GutenbergPy

Radu Angelescu

2017-2-20

Page content

I have created a library used for interfacing with Gutenberg from python code. This is the first article about GutenbergPy

Why use my library ?

Only needs lxml (pymongo only if you use mongodb)
SQLite cache build time: about 2 minutes (instead of more than one day)
SQLite cache size: about 120 mb
Mongodb cache build time: about 3 minutes (will probably be less in the future, as it’s not optimized)
Mongodb cache size: about 300 mb (instead of 2 Gb berkley db previous solution)
Fast queries on both solutions

Just try it !

If you need to use gutenberg meta information and get filtered texts for your project, fast, reliable, without overloading gutenberg servers: try GutenbergPy.

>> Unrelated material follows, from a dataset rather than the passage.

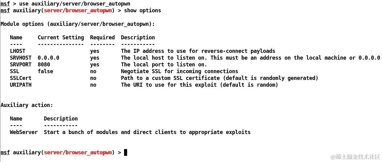 为了进行浏览器利用攻击,我们将使用 Metasploit 中的browser_autopwn模块,如下截图所示:

Check the usage by reading the Github page

Install the pypi package:

        pip install gutenbergpy

Or if you are feeling adventurous you can install from source:

        git clone https://github.com/raduangelescu/gutenbergpy
        python setup.py install

Why did you do it?

I decided to continue improving artisticmachine42 quote capabilities. As I said in a [previous article]https://raduangelescu.com/post/artisticmachine42/, Started doing a simple reverse index for fast text searching -> wrote a library to help me scavenge for big-data from the gutenberg site.

Writing something like a reverse index, implies testing it on big data (in my case a lot of books). My go-to data source for my quote extraction was Gutenberg (great initiative, I am a big fan).

List of linked facts that made me do it :)

Searched the web for a good Python library for Gutenberg and found: this
Tried using the sqlite interface (great sqlite fan here :) ) after about 1 day + 1 night of running -> it still didn’t populate the cache.
Thought the sqlite cache feature was added later so it must be still in development -> used the bsd db cache -> took around 5 hours to populate (on a really good pc with a really good internet connection) and 2 GB of hdd space
I then proceeded to query all the books that are from a certain category with a certain language -> it failed.
Reported bug to developer
Read “the maintainer wanted to no longer maintain the project” -> thought it will never get fixed unless I do something about it
Downloaded the repository and started debugging -> saw nasty stuff, the cache base needed to be rewritten (in my opinion)
I decided to write my own and publish for everyone to use -> help the open source community
Wrote it -> published.
Published GutenbergPy -> maintainer of old library said he fixed the query bug :) (didn’t test it yet)

What about the other promised articles?

I had some crunch time at work so I didn’t have the time to write the other (bigger) articles on my site, but rest easy:

The gabor feature generation code is ready (writing a CUDA port). I didn’t forget, the article is coming soon :) .
The reverse index code is also ready so an article about that will also be coming soon. :)